■ **What you need to do**: With pictures excluded, output exactly the lines that run from the first line of the data below through the line containing "Mitte September ging".

■ **Data in this exercise**:
BEGIN
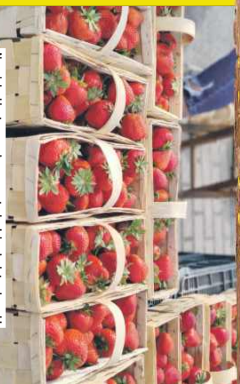
Na mieleckim targu pełno soczystych, dojrzałych truskawek!
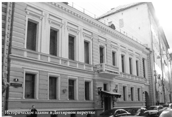
Историческое здание в Дегтярном переулке

писал Бродский. Вроде бы странно: разве сорок — это много? Но жизнь измеряется не годами, а делами и событиями. И с точки зрения того, что было за эти годы создано Институтом, располагавшим собственным издательством и прочными связями с престижным издательством «Искусство», — да, она длинная. Очень.
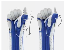
Fixation du pouce réglable de manière individuelle
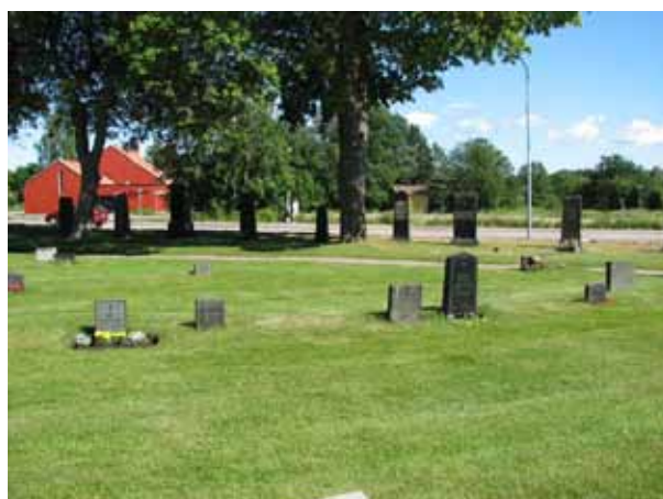
Man kan fortfarande följa linjegravssystemet även om flera vårdar tagits bort (KI Ryssby kyrkog 135)
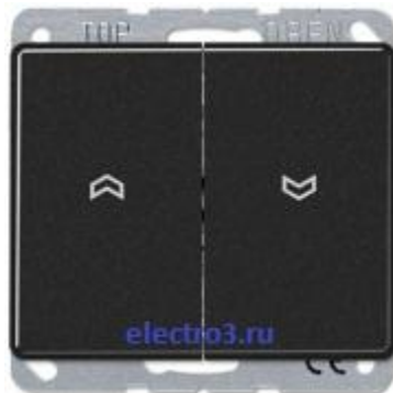
Механизм жалюзи с блокировкой и без блокировки
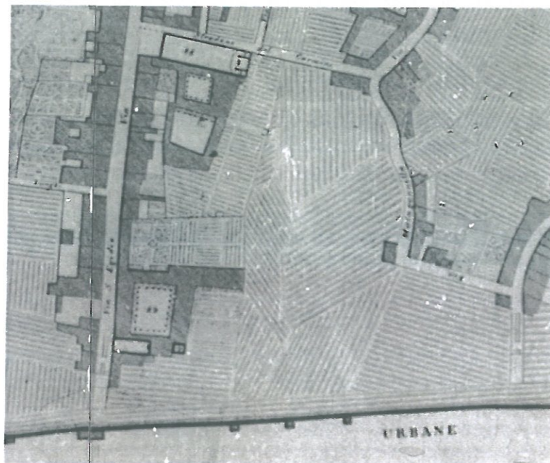
Fig.2 – Estratto pianta Van Lint

La pianta Van Lint, del 1846, considerata la trasposizione grafica dello stesso Catasto, evidenzia ancor più il carattere agricolo dell'area.
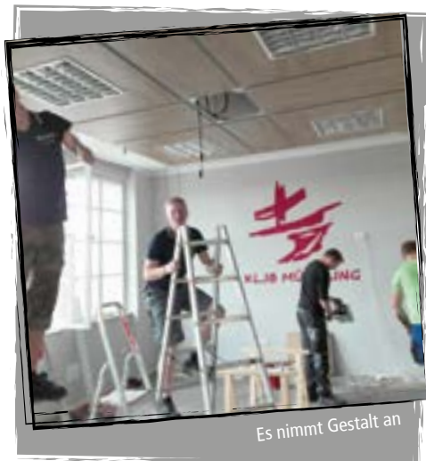
Es nimmt Gestalt an

Mitte September ging es dann ans Eingemachte. Von nun an drehte sich alles um den Strom. Da wir unsere Lichtfunktionen und -versorgungen änderten oder neu einrichteten, war viel Arbeit am Verteilerkasten und an den jeweiligen Endkomponenten notwendig. Auch die Kabelkanäle mussten alle durchforscht und zum Teil modifiziert werden. Steckdosen, die Musikanlage, TV-Kabel, Beleuchtung, alles neu anschließen bzw. neu verkabeln - auch diese ganze Arbeit nahm einige Stunden in Anspruch.
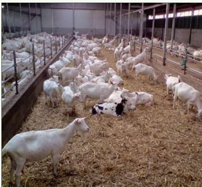
Fam. Van den Top te Lunteren verwelcomden de bezoekers in hun onlangs uitgebreide stallen met een 64-stands draaimelkstal voor 1.000 melkgeiten en met een automatisch voersysteem. Ook een stal met dubbeldoel melkvee en de opfok van jongvee op stro in een hellingstal kon bezichtigd worden.
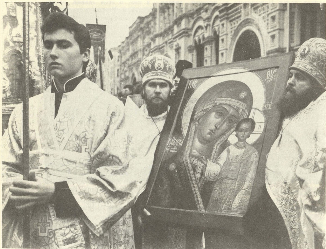
Крестный ход в честь иконы Казанской Божией Матери. Москва, 1990 г.

такого же убежденного противника никонианства: «А мне отец духовный был; ...егда куды отлучится, ино я ведаю церковь». Отказавшись служить по новому обряду, Аввакум демонстративно покинул собор, и с той поры, с порога Казанского собора, начались для мятежного протопопа его несчетные злоключения. Но и из Пустозерска, с берегов Печоры, передавались в Мезень, а оттуда в Москву его огненные писания, воспламеняли тысячи и тысячи людей. Может, и здесь Казанский собор, где, конечно же, осталась память об Аввакуме, играл свою роль?
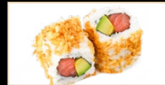
27 11.00€ Californai Oignon Frit Saumon avocat
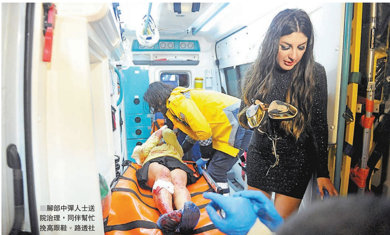
腳部中彈人士送院治理，同伴幫忙挽高跟鞋。

事發於當地時間昨日凌晨1時15分，槍手在奧爾塔柯伊區夜店「Reina」門外，先槍殺保安和一名平民，再闖入店內大開殺戒，當時店內約有700人參加派對。由於夜店靠近博斯普魯斯海峽，很多人聽到槍聲，急得衝出夜店跳海保命，海岸防衛隊立即救援。
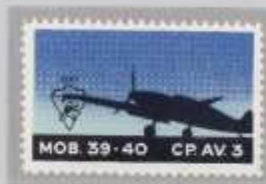
Schwarzes Wappen mit 1941 links kopfstehend
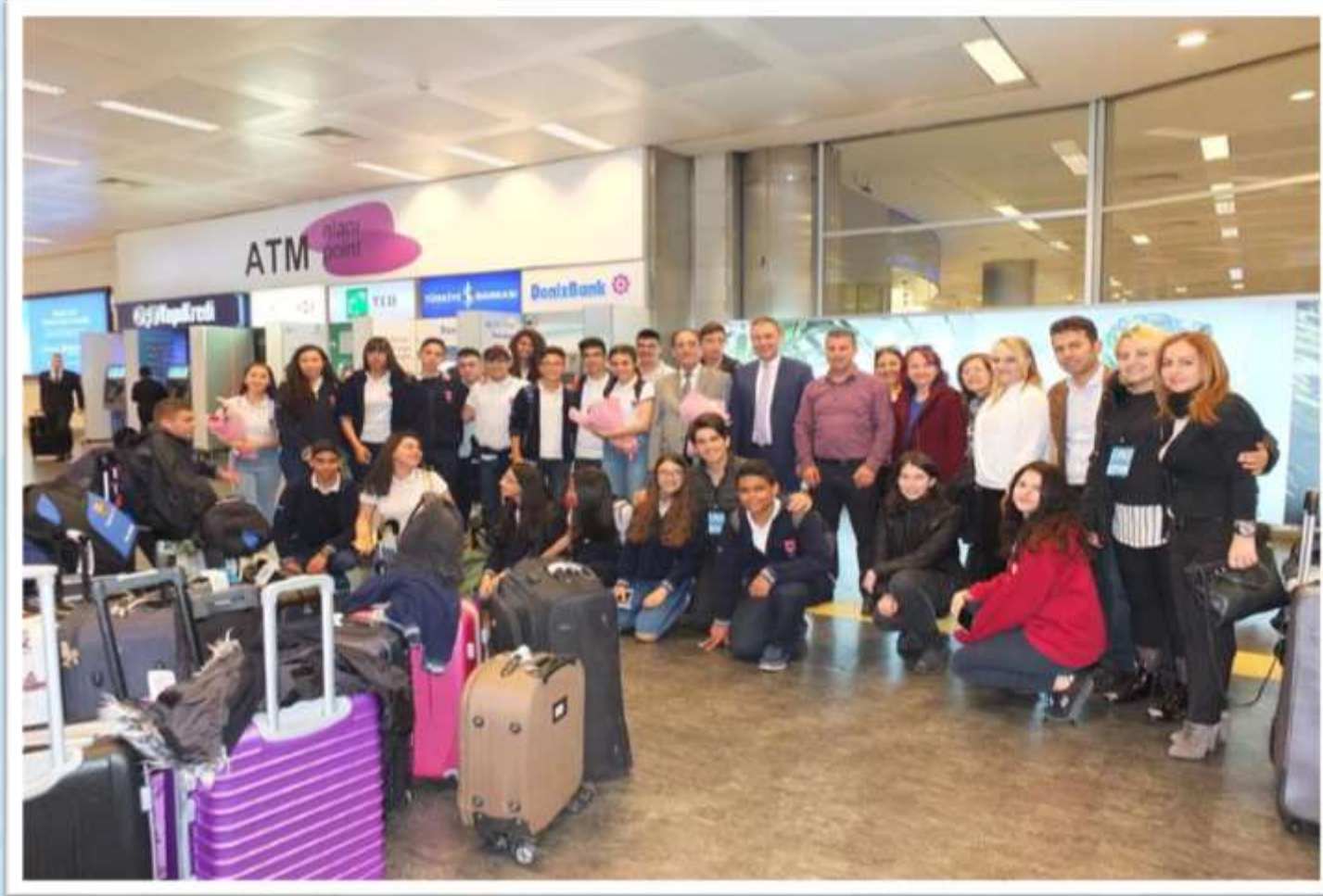
Misafirlerimizi Atatürk Hava Limanında karşıladık
END
■ **Solution to the problem**:
Na mieleckim targu pełno soczystych, dojrzałych truskawek!
Историческое здание в Дегтярном переулке

писал Бродский. Вроде бы странно: разве сорок — это много? Но жизнь измеряется не годами, а делами и событиями. И с точки зрения того, что было за эти годы создано Институтом, располагавшим собственным издательством и прочными связями с престижным издательством «Искусство», — да, она длинная. Очень.
Fixation du pouce réglable de manière individuelle
Man kan fortfarande följa linjegravssystemet även om flera vårdar tagits bort (KI Ryssby kyrkog 135)
Механизм жалюзи с блокировкой и без блокировки
Fig.2 – Estratto pianta Van Lint

La pianta Van Lint, del 1846, considerata la trasposizione grafica dello stesso Catasto, evidenzia ancor più il carattere agricolo dell'area.
Es nimmt Gestalt an

Mitte September ging es dann ans Eingemachte. Von nun an drehte sich alles um den Strom. Da wir unsere Lichtfunktionen und -versorgungen änderten oder neu einrichteten, war viel Arbeit am Verteilerkasten und an den jeweiligen Endkomponenten notwendig. Auch die Kabelkanäle mussten alle durchforscht und zum Teil modifiziert werden. Steckdosen, die Musikanlage, TV-Kabel, Beleuchtung, alles neu anschließen bzw. neu verkabeln - auch diese ganze Arbeit nahm einige Stunden in Anspruch.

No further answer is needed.